Больше всего Славик подружился с блондинчиком. Он полюбил этого рыжего цыгана, который так мечтал о светлых волосах, что стал обесцвечивать свою густую черную гриву какой-то водичкой; волосы у него порыжели, и с тех пор все стали звать его «блондинчиком». Еще до фабрики цыган три года по вербовке работал на рудниках, но как только зашиб деньгу на мотоцикл, тут же смылся. Потом делал все, что ни подворачивалось, особенно любил скупать заячьи шкурки. На мотоцикле блондинчика они каждую субботу ездили по окружным деревням — на танцульки, домой возвращались в воскресенье утром, а после обеда играли в футбол: блондинчик — среднего защитника, Славик — центра нападения, и — как ни странно — чем больше в субботу хмелели, тем лучше в воскресенье играли.
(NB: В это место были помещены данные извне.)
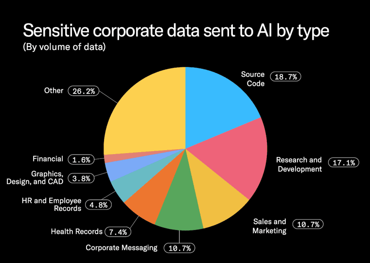 34% of all data that employees input into AI tools is classified as sensitive, which is a substantial increase from 10.7% observed two years ago. Unlike IT approved applications that let you maintain oversight, you have no control over data entered into the void of shadow AI. So that code your developer used Claude to debug? Voila, it’s now effectively “open source” for others – including your competitors.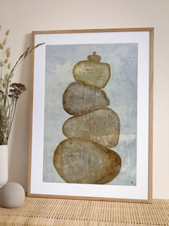 Ein Poster, das die ruhige Schönheit von Steinen in neutralen Farben einfängt. Dieses Poster zeigt eine Steinformation in sanften Beige- und Brauntönen, die ein Gefühl von Ruhe und Gelassenheit vermitteln. Die Steine sind mit feinen Details und Texturen illustriert, die ihre natürliche Schönheit betonen. Der Hintergrund ist in einem weichen, strukturierten Grau gehalten, das die Steine hervorhebt. Dieses Poster ist ideal für alle, die die Natur lieben oder eine ruhige, erdige Atmosphäre in ihrem Zuhause schaffen möchten.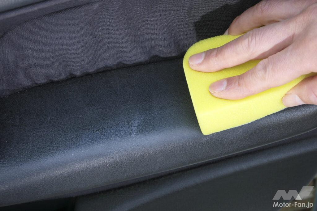 シボエグゼブラシは、ポリエステルのブラシ部が、高密度で編み込んだ約0.045mmの超極細毛で形成されており、それがシボ奥の汚れをしっかりかき出してくれる。本体はスポンジでできているので、適度に変形してくれて、凹凸のある部位にもフィットするので清掃しやすい。そのおかげで、ドアハンドル部分やドリンクホルダーなども簡単に掃除できる。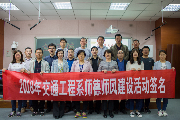 为认真贯彻落实学校关于师德师风建设要求,进一步加强交通系师德师风建设,提高教师的职业道德素养和教育教学质量,提升教师队伍的整体素质,交通工程系于4月26日下午在笃行楼录播室隆重举行2018年交通工程系师德师风...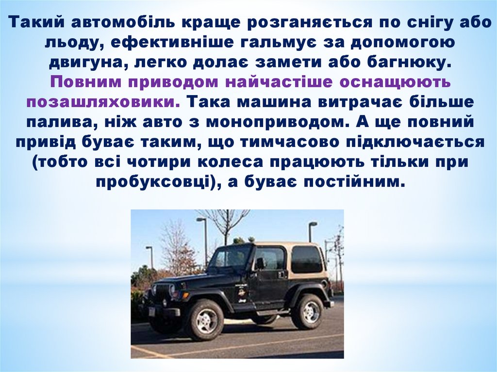 Такий автомобіль краще розганяється по снігу абольоду, ефективніше гальмує за допомогою

Само собой, работа у конвейера, эта угнетающая прикованность к кругу, причиняла бродячей цыганской душе блондинчика нечеловеческие муки. Он, не переставая, твердил, что смотается с круга, но вот прошел уже год, а блондинчик ко всеобщему удивлению по-прежнему оставался на месте. А однажды доверительно открылся Славику: Увидишь, как я им нос наставлю. Спорим, переведут меня на другую работу. Что до меня, так грузчиком лучше всего. Я бы мог опять умотать, да мне нужна постоянная монета. У нас с Илонкой уже третий малец на подходе, думаю жениться на ней.
Ему выпало счастье; по злополучной случайности при рубке дров он отсек себе указательный палец, его сняли с конвейера, перевели на склад, и он стал работать грузчиком; человека счастливее его не было на свете! Сперва его многие жалели, а потом махнули рукой: цыган и впрямь трехнутый, потерял палец, а радуется, словно отхватил первый выигрыш в спортлото, шут его поймет!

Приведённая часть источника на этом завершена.